Bunker, Māhutonga, Ōtepoti and Motupōhue arrived in their new habitat at the Maungatautari Ecological Island in Waikato shortly after 3pm yesterday, after making the 1000-kilometre journey from remote Fiordland.
The translocation was made by the Department of Conservation (DoC) in partnership with Ngāi Tahu and Air New Zealand.
Deidre Vercoe, DoC’s manager for kākāpō, said that the move was a historic moment for New Zealand’s natural taonga.
“Until now, kākāpō have been contained to a few predator-free offshore islands, so to have them now returning to the mainland is a major achievement for all involved,” Vercoe said.
The birds were last seen in the North Island in the mid 1960s and completely vanished from mainland New Zealand by the 1980s.
After being eradicated from the mainland by predators, kākāpō were brought near extinction, with numbers plummeting to just 51 of the rare birds in 1995s.
With numbers rebounding to over 250 last year, the breeding programme run by DoC and Ngāi Tahu is running out of space on Codfish Island and looking for suitable habitats elsewhere in New Zealand.
Their new home at the Sanctuary Mountain Maungatautari was selected for its old-growth rimu forest, which is an important food source for the birds, and is around twice the size of their old home on Whenua Hou.

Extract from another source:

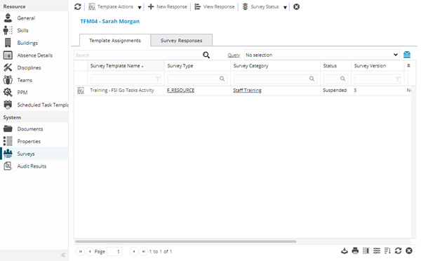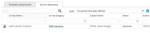 Survey Responses can be viewed, but not updated, by selecting a record in the grid and clicking the View Response toolbar button.

Although surrounded by a 47km predator fence, the birds are technically living wild in the sanctuary.
Dr Janelle Ward, the sanctuary’s biodiversity team leader, said it was the product of “decades of collaboration” to find out where the birds could thrive.
“It’s a historic day,” said Tali Jellyman, experience manager for the sanctuary.
“We’ve one volunteer who saw the last kākāpō at Mt Bruce in the 1970s, they didn’t think they’d live to see them return to the North Island,” Jellyman said.
The new residents were greeted at a pōwhiri and celebration at the Pōhara Marae, and released into the 4300 hectare mountain.
Co-chair of the Ngāti Koroki Kahukura Trust, Rahui Papa, said it was “a privilege to be entrusted with taonga from Te Waipounamu”.
The four kākāpō moved are all males and there is no breeding programme at Maungatautari, but there will be valuable lessons for how the birds take to a new habitat from the offshore islands kākāpō can live in, giving hope for more translocations.
The sanctuary is open to the public, with the 7.3km Wairere Traverse being a popular walk over the mountain. However it is stressed that the birds are wild in the park and not on public display.
As one of the largest fenced, invasive-predator-free enclosures in the world, Vercoe says they will be very hard to spot, but lucky visitors might hear them.
“The potential to hear their distinctive ‘booming’ calls across the Waikato landscape for the first time in generations is an important milestone,” she said.